Богемные «сборища», а так их называли в 1960-х гг. в КГБ, который будет потом даже следить за Басиловой в «черных машинах», начались у Алены в 1958 г., со знаменитых декламаций стихов на площади Маяковского, куда она приходила с черным пуделем на руках кормить голубей и откуда уводила молодых опальных поэтов к себе, на Оружейный. «Первой советской хиппи» назовет ее американский посол, когда она на прием в посольстве придет босиком и в длинном замшевом платье. Художник Валентин Воробьев писал, что ее «библейское лицо» и «глаза с поволокой» зовут «в бездну», Эдуард Лимонов вообще считал ее «эталоном богемной девушки», а поэт Владимир Алейников просто восхищался: «Была — красивой. По Хлебникову: как мавка. По-врубелевски: таинственной… Обаяние редкое. Шарм… И так просто держится! И так мила и приветлива! Настоящее чудо…»

Невероятно, но здесь у девчонки бывали и дочь Цветаевой Ариадна Эфрон, и Дмитрий Лихачев, и стареющая поэтесса Аделина Адалис, и Сергей Михалков с Семеном Липкиным. А молодые поэты и прозаики Вознесенский, Холин, Битов, Мамлеев, Юз Алешковский, Сапгир, Бродский, Кублановский, Губерман, Высоцкий, Кропивницкий, Алейников, Буковский и Галансков, Котрелев и Батшев не раз встречали здесь рассветы за чтением стихов и бутылками вина. Что говорить, Булат Окуджава именно в этой квартире записал на магнитофон в 1969 г. свой первый концерт. Я уж не говорю, что дом посещали художники, скульпторы, композиторы и актеры, каждое имя которых ныне «на слуху»: Эрнст Неизвестный, Рабин, Зверев, Шнитке и Губайдулина, Фоменко и Волчек, Юрский и Табаков, Аркадий Райкин и Людмила Гурченко. «Муза шестидесятников», «Прекрасная Дама» поэтического подполья, Алена была буквально обречена встретиться с «чудовищно талантливым» поэтом Леонидом Губановым. Они не только влюбились друг в друга в 1964-м (поженятся они в 1966-м), но в этой квартире тогда же придумали небывалую поэтическую группу.

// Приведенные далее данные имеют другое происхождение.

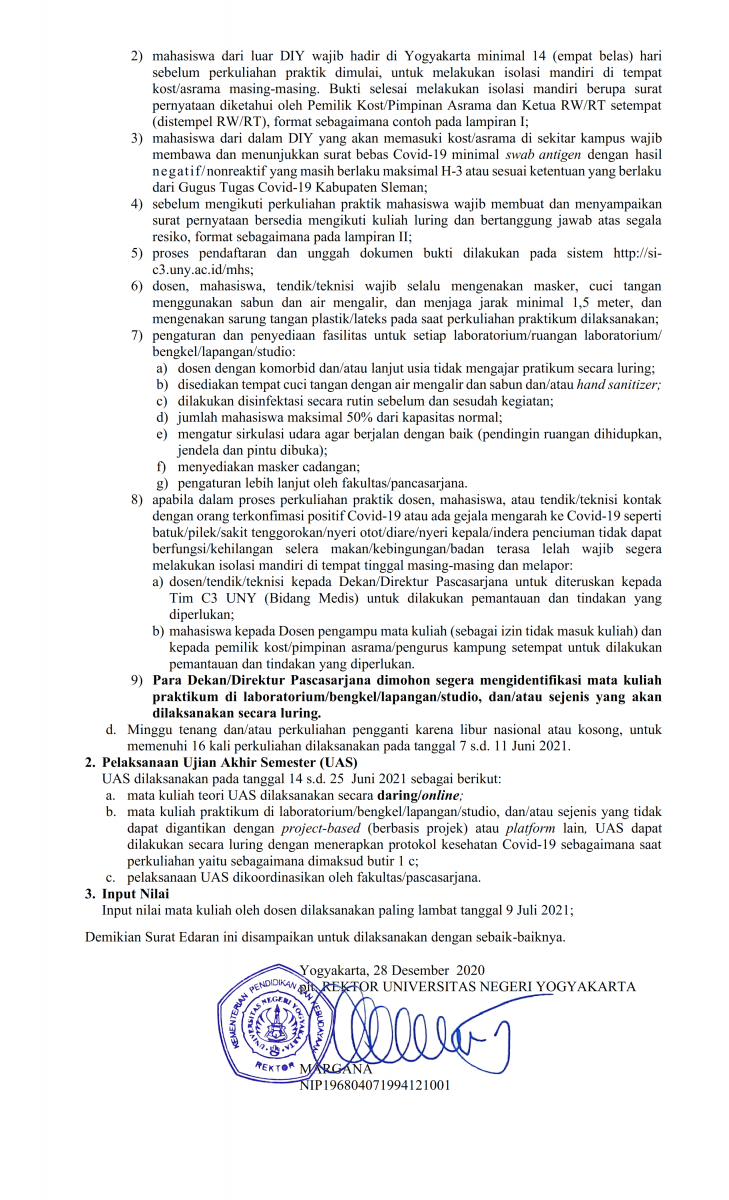 SURAT EDARAN NOMOR: 26/SE/2020 TENTANG PELAKSANAAN PERKULIAHAN SEMESTER GENAP 2020/2021
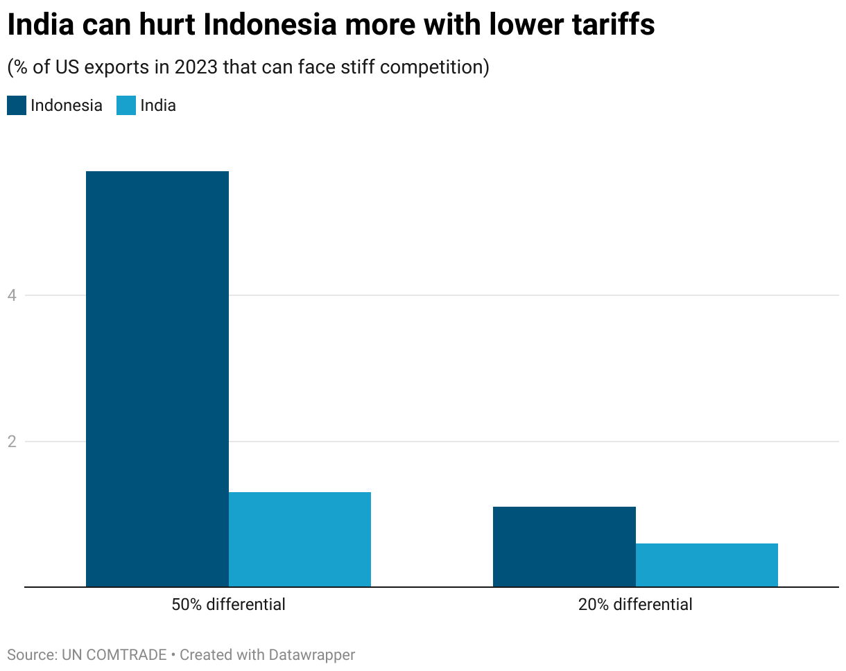 Even in scenarios where the tariff difference translates to just a 20 percent advantage in export value, Indonesia stands to lose nearly double of what India would.
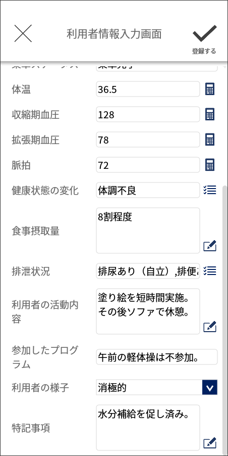 食事摂取量、排泄状況、活動内容、参加したプログラム、様子(意欲的・消極的など)を登録できます。送迎中に把握した変化もケア計画に反映できます。

«Новое литературное течение уже просматривалось, но имени не имело, — вспоминал Генрих Сапгир. — Помню, сидели мы у Алены Басиловой и придумывали название новому течению. Придумал сам Губанов? СМОГ. Самое Молодое Общество Гениев, Сила, Мысль, Образ, Глубина, и еще здесь присутствовал смог, поднимающийся с Садового кольца в окна…» Лозунгами объединения стали слова: «Оторвем от сталинского мундира медные пуговицы идей и тем!», «Будем ходить босыми и горячими!», «Лишим соцреализм девственности!» Но беда была в другом. Губанова, может, самого самобытного поэта второй половины ХХ в., лишь раз напечатали при жизни в журнале «Юность». Как, помним, и Алену — тоже.

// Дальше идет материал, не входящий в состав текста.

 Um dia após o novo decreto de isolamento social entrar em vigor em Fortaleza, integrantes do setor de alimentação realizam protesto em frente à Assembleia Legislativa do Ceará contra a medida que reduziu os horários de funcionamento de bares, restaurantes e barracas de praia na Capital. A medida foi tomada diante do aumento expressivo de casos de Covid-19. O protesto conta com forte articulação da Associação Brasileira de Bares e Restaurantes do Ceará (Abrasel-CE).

Все закончится печально. Дом этот «закончится» в 1980-м. Брак с Губановым просуществует 10 лет. «Ах, рога, рога, рога, — напишет в стихах Басилова. — Полюбила я врага…» В 1967-м разгромят СМОГ. Губанов еще дважды женится. А потом, как Пушкин и Хлебников, в 37 лет, как и сам предсказывал в стихах, умрет после психушки, куда его «поместят» власти. Умрет «от неизвестных до сих пор причин». А Алену от высылки «за тунеядство» спасет Корней Чуковский, скажет, что она его секретарь, помощница.

Она переживет Губанова на 35 лет. Скончается в 2018-м в знаменитом «Доме на набережной» (Серафимовича ул., 2). Говорят, умрет в «полном забвении». Но кто ж это может знать наверняка? Ведь история вообще, и история литературы в частности, дамой считается едва ли предсказуемой. Неожиданной для потомков…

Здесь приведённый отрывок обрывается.